2. Description of the Related Art
When a mobile device is powered on and trying to connect to a service network, it first synchronizes with the service network by aligning its system timing with the timing pattern of the service network before establishing wireless communication connection with the service network. Take the Global System for Mobile Communications (GSM) for example. When powered on, a mobile station (MS) detects a cell in the GSM service network with the best received signal strength in the area and then searches for the synchronization channel (SCH) of the cell. The MS may obtain the timing pattern of the cell by identifying the frame boundary and slot boundary on the SCH of the cell. Subsequently, the MS may align its system timing with the timing pattern of the cell to synchronize with the cell, and accordingly obtain wireless communication services from the GSM service network if necessary. Generally, a wireless modem in the MS may maintain a modem counter with the obtained timing pattern of the cell. After successfully camping on the cell, the MS may be configured to enter a sleep mode if there's no potential operation for wireless communications in a forthcoming period of time. The MS only needs to wake up from the sleep mode every known paging cycle to check if there's a dedicated paging request or an update of the system information broadcasts. For an MS operating in the sleep mode, the wireless modem therein is shut down, and the processing unit therein, such as a central processing unit (CPU) or a micro control unit (MCU), switches from a high-rate clock to a low-rate clock to save on the consumed power. Since the wireless modem is shut down in the sleep mode, the modem counter is stopped and does not keep track of the timing pattern of the cell. Thus, resynchronization with the cell is necessary for the MS to align its system timing with the timing pattern of the cell when recovering from the sleep mode.

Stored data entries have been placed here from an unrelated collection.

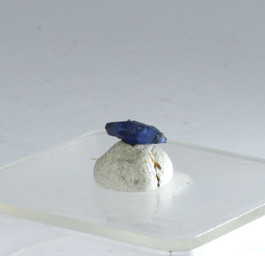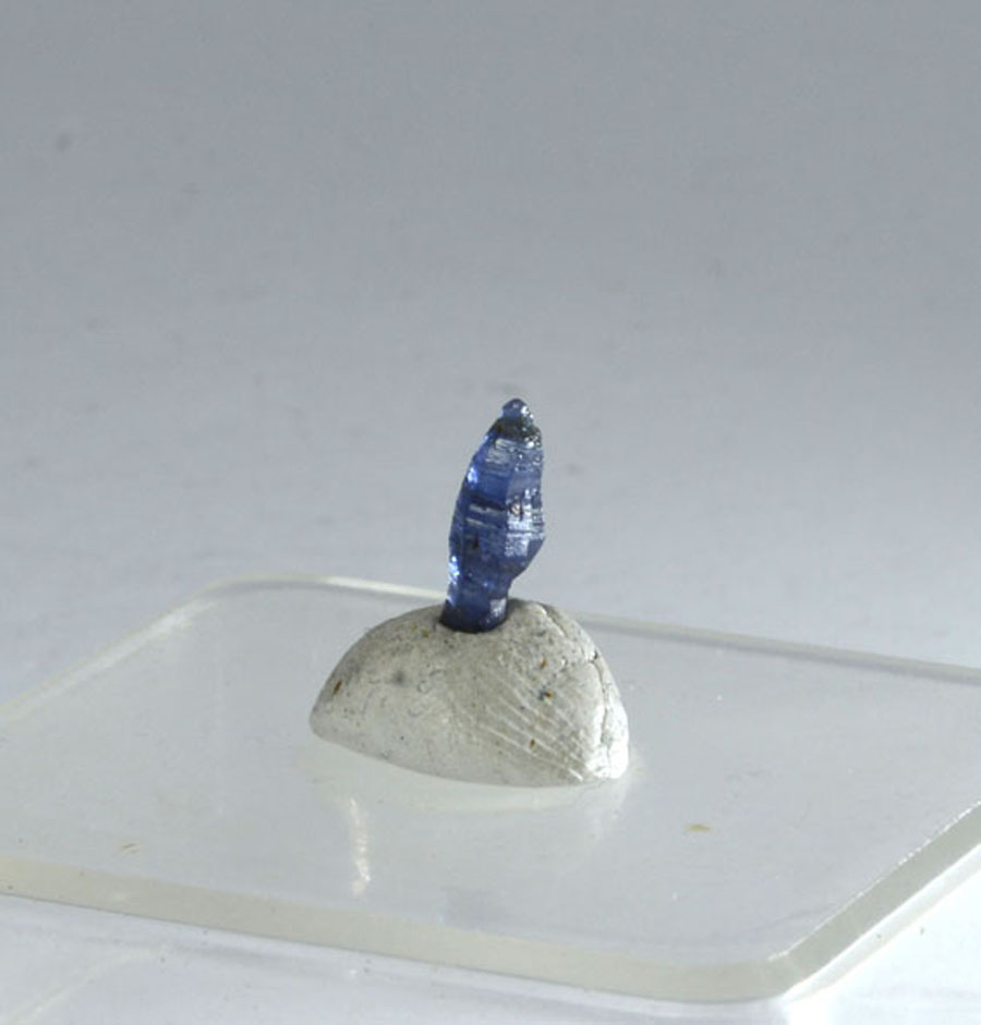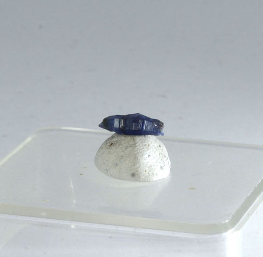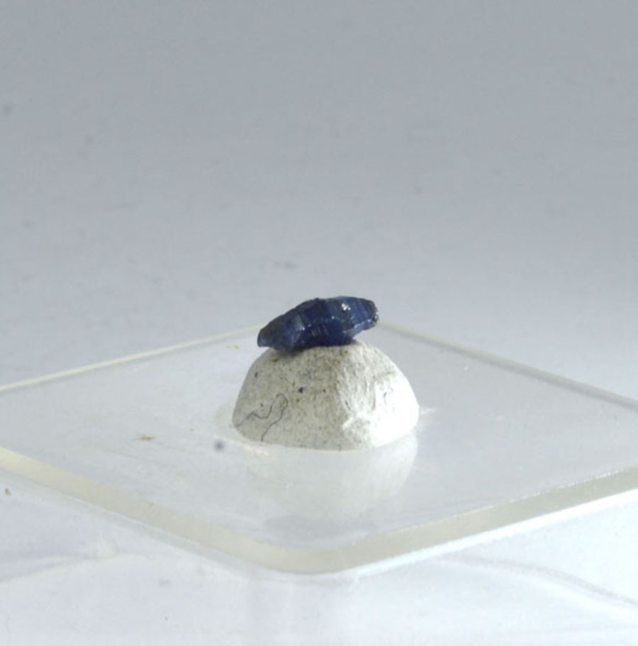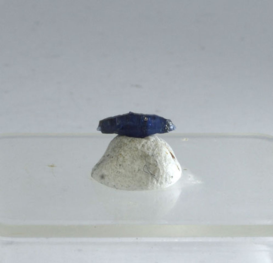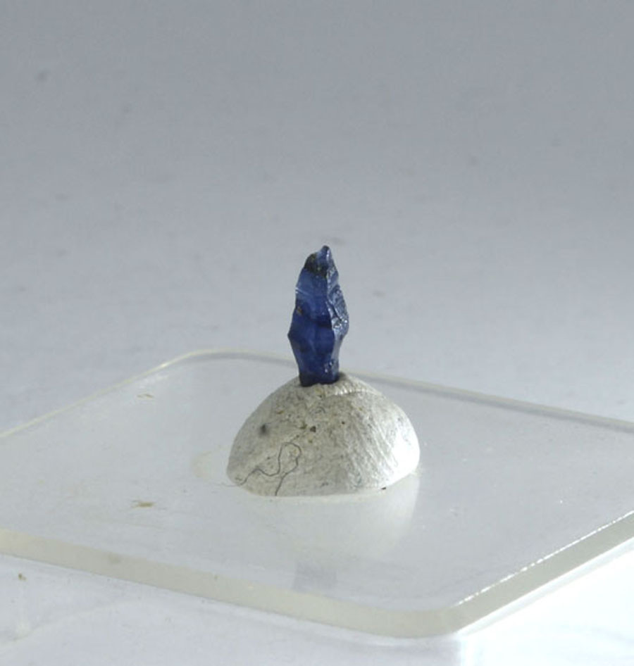 Zierlicher, leuchtend blauer Saphir-Kristall mit interessanter Struktur. Dieser Saphir-Kristall ist ein Unikat.
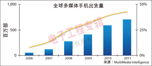 圖1:全球多媒體手機交貨量及占總數(shù)量的百分比
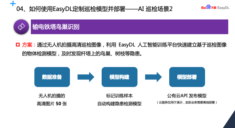 第二个场景首先通过搜集输电铁塔鸟巢的图像,我们搜集了 50 张比较清晰的照片,这些照片有电力巡检过程当中的照片,更多的是互联网上找到的,我们将这些照片利用 EasyDL 建立基于巡检图像的物体检测模型,然后进行训练,最后将训练的模型部署在 API 上。
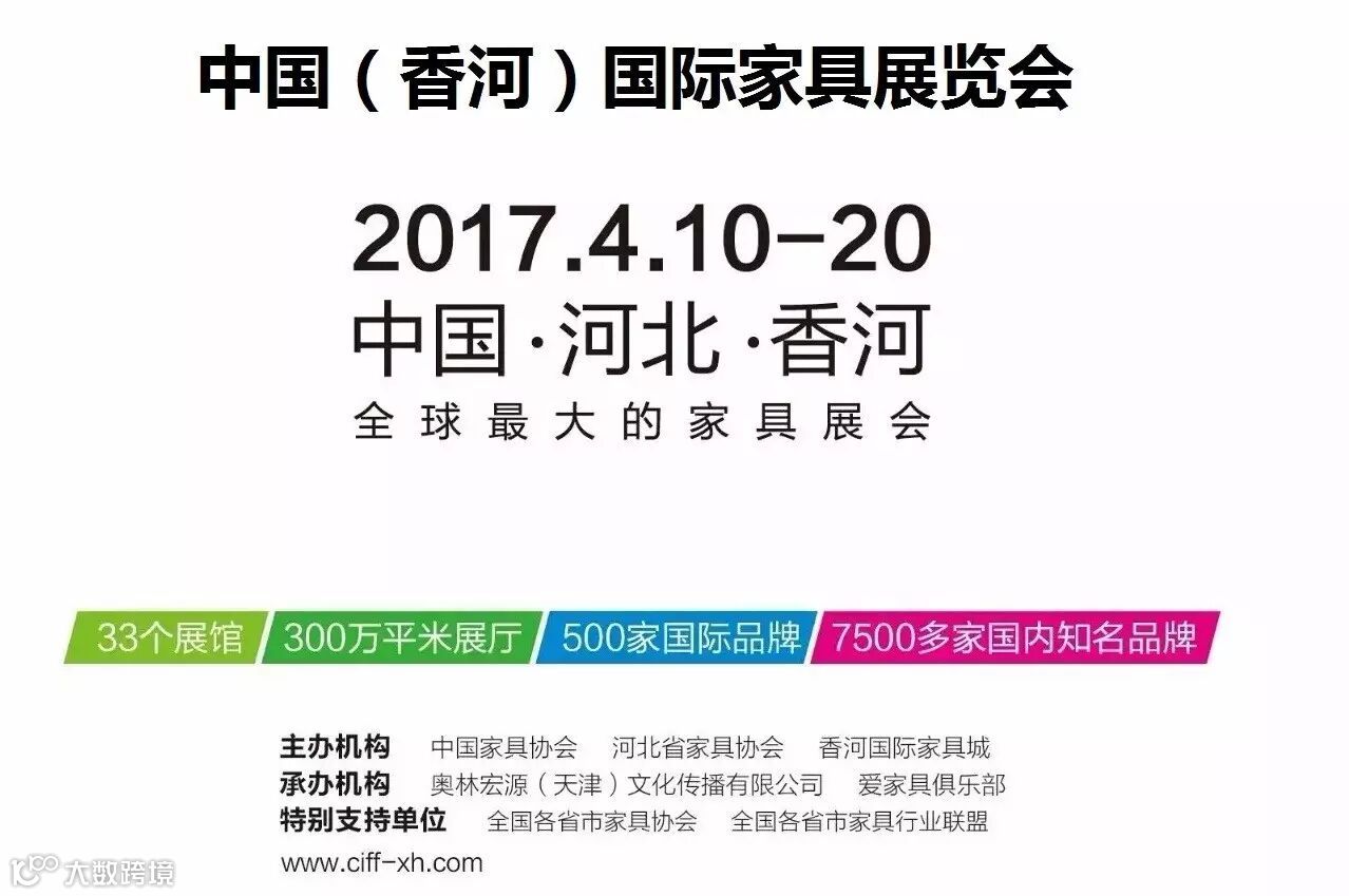 2017年4月10日至20日,由中国家具协会、河北省家具协会、香河国际家具城主办的,中国北方最大的家具展——中国(香河)国际家具展览会将在香河举办。
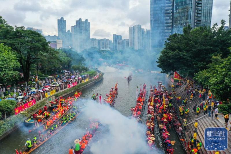 2024年6月10日,四里八乡的龙舟汇聚在广位于广州珠江新城的猎德涌参加龙船景(无人机照片)。新华社记者 刘大伟 摄
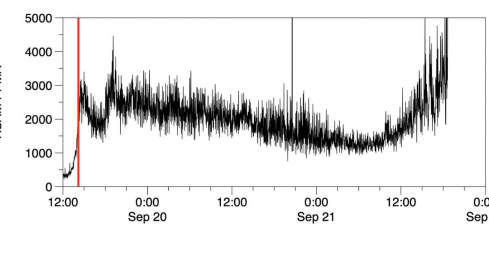 El volcán de la Cumbre Vieja entraba en erupción el pasado domingo 19 de septiembre tras una semana de seísmos en la zona. En la actualidad, y debido al trayecto de la lava, hay 154 hectáreas afectadas, más de 320 edificaciones destruidas y 6.100 familias desalojadas de sus núcleos poblacionales. Durante la noche del pasado martes el proceso eruptivo cobraba fuerza tras un aumento en la intensidad de las erupciones, e incluso se llegó a pensar que había surgido una nueva boca volcánica.Por ello, el Instituto Volcanológico de Canarias (INVOLCAN) publicó en sus redes sociales que la Red Sísmica de Canarias está registrando desde el pasado martes por la tarde un fuerte incremento en la amplitud del tremor volcánico, que es un indicador de la intensidad de la actividad explosiva estromboliana en las bocas activas que hay este momento. Las erupciones estrombolianas aquella que se caracterizan por explosiones poco violentas y esporádicas. En la siguiente imagen publicada por el INVOLCAN, se ve como hay un aumento de actividad en el volcán en comparación con el lunes.
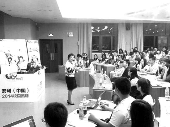 本报讯 10月14日,安利公司在汕头大学举办2014管理培训生校园宣讲会(如图)。除了邀请该公司多位经理人现身说法,还大打“亲情牌”,邀请了汕头大学硕士毕业的员工,介绍在安利多姿多彩的工作与生活经历,给师弟师妹支招。
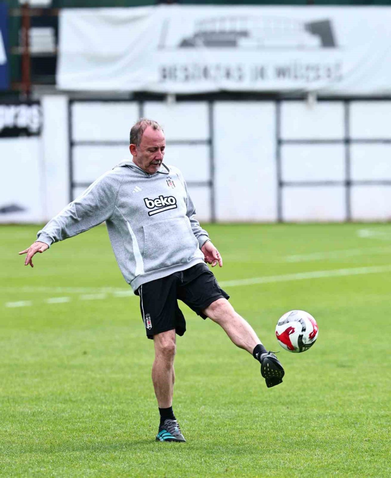 BJK Nevzat Demir Tesisleri’nde, Teknik Direktör Sergen Yalçın yönetimindeki antrenman kondisyon ve taktik çalışmasıydı. Pas çalışması ve 5’e 2 top kapma çalışmasıyla başlayan idman, dar alanda oynanan çift kale maçlarla tamamlandı.
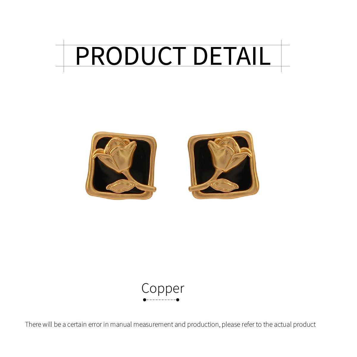 Vintage Matte Black Rose Square Stud Earrings Elegant Fashion Jewelry Women
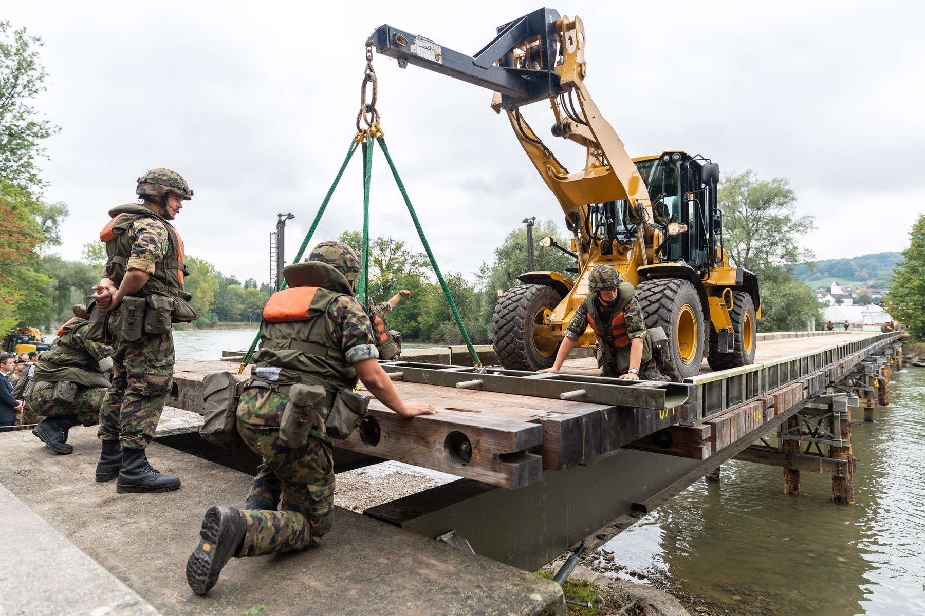 Soldaten beim Erstellen einer Brücke mithilfe eines Radladers (Bild: VBS/DDPS, Alexander Kühni)
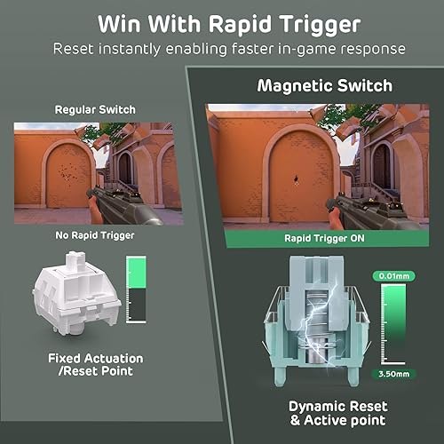 8K Hz Polling Rate & Ultra-Low Latency— Featuring an 8000Hz polling rate and 64K Hz key scanning frequency, RK magnetic keyboard delivers an incredible 0.125ms response time - 8x faster than standard gaming keyboards (1000Hz). Your actions register almost instantly for a true competitive edge. Also crafted with a convenient volume knob for instant access to audio adjustments.
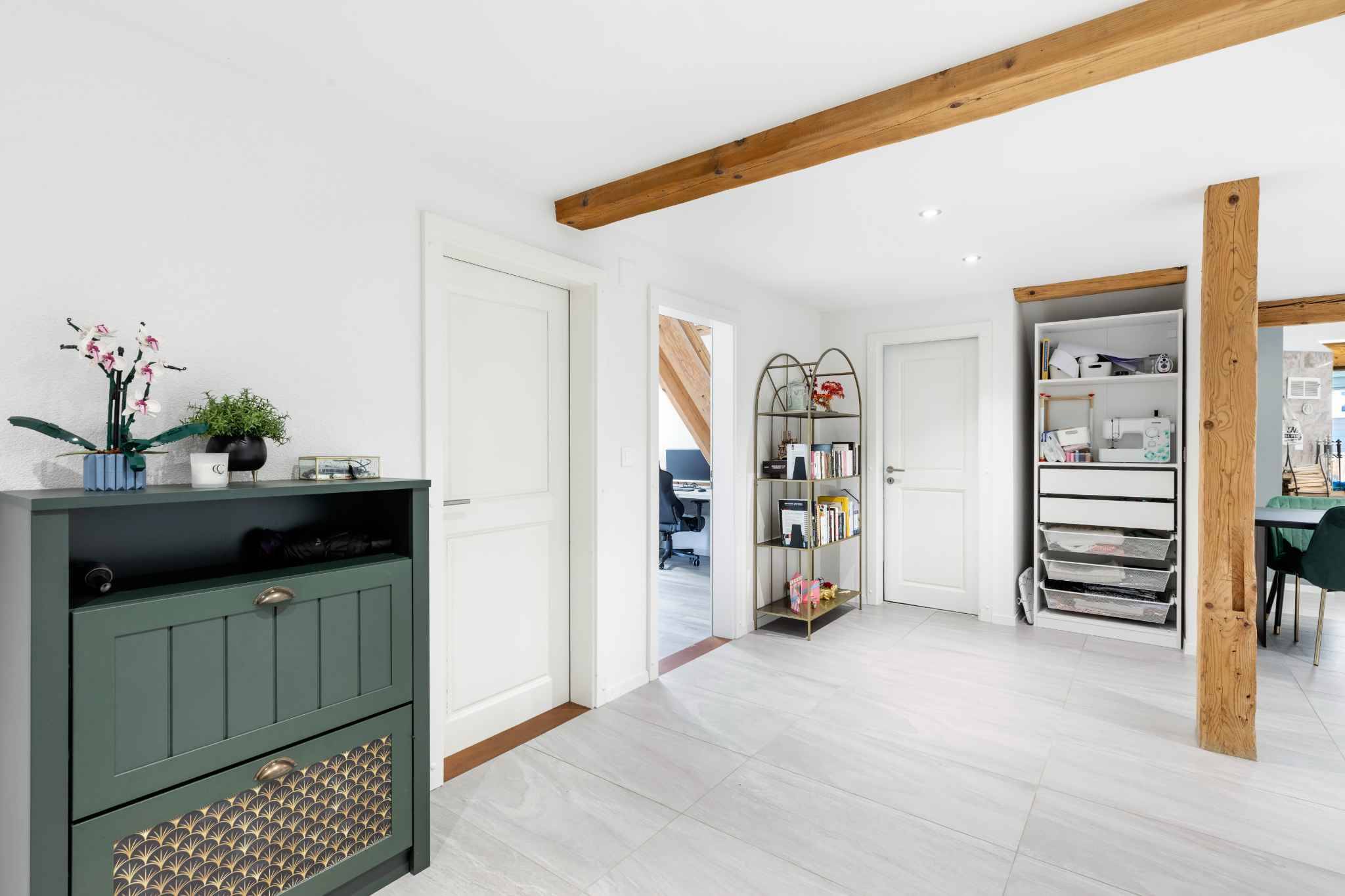 Au cœur d’une ancienne ferme vaudoise du XIXe siècle entièrement réhabilitée, ce duplex de 5,5 pièces prend place dans une PPE intimiste de 7 logements. Rénové avec soin, il conjugue harmonieusement le cachet de l’ancien et le confort contemporain.

FIG. 1 is a timing diagram illustrating the resynchronization for an MS recovering from the sleep mode. As shown in FIG. 1, the system timing of the MS is aligned with the timing pattern of the base station (BS). At time t1, the MS determines that no potential operation for wireless communications is expected in a forthcoming period of time, and issues a trigger signal to indicate that the wireless modem can enter the sleep mode for N seconds. After the trigger signal is issued, a short period of time (i.e. the time interval between t1 and t2) is occupied by the software and hardware modules of the MS to prepare to switch to the sleep mode from the non-sleep mode. At time t2, the MS officially enters the sleep mode in which only a low-rate clock is running to sustain the basic functions of the MS, and the timing pattern of the BS is not count in the sleep mode. It is noted that, although the predetermined N seconds has not yet passed, the MS needs to wake up in advance from the sleep mode at time t3, to perform calculation of the current time in the timing pattern of the BS, so that the MS may smoothly resynchronize with the BS at exactly N seconds after time t2. Specifically, the resynchronization calculation includes division operations which consume time and power and require the CPU to run at a full speed. As a result, the early waking-up of the MS consumes extra system power for the resynchronization calculation for timing resume.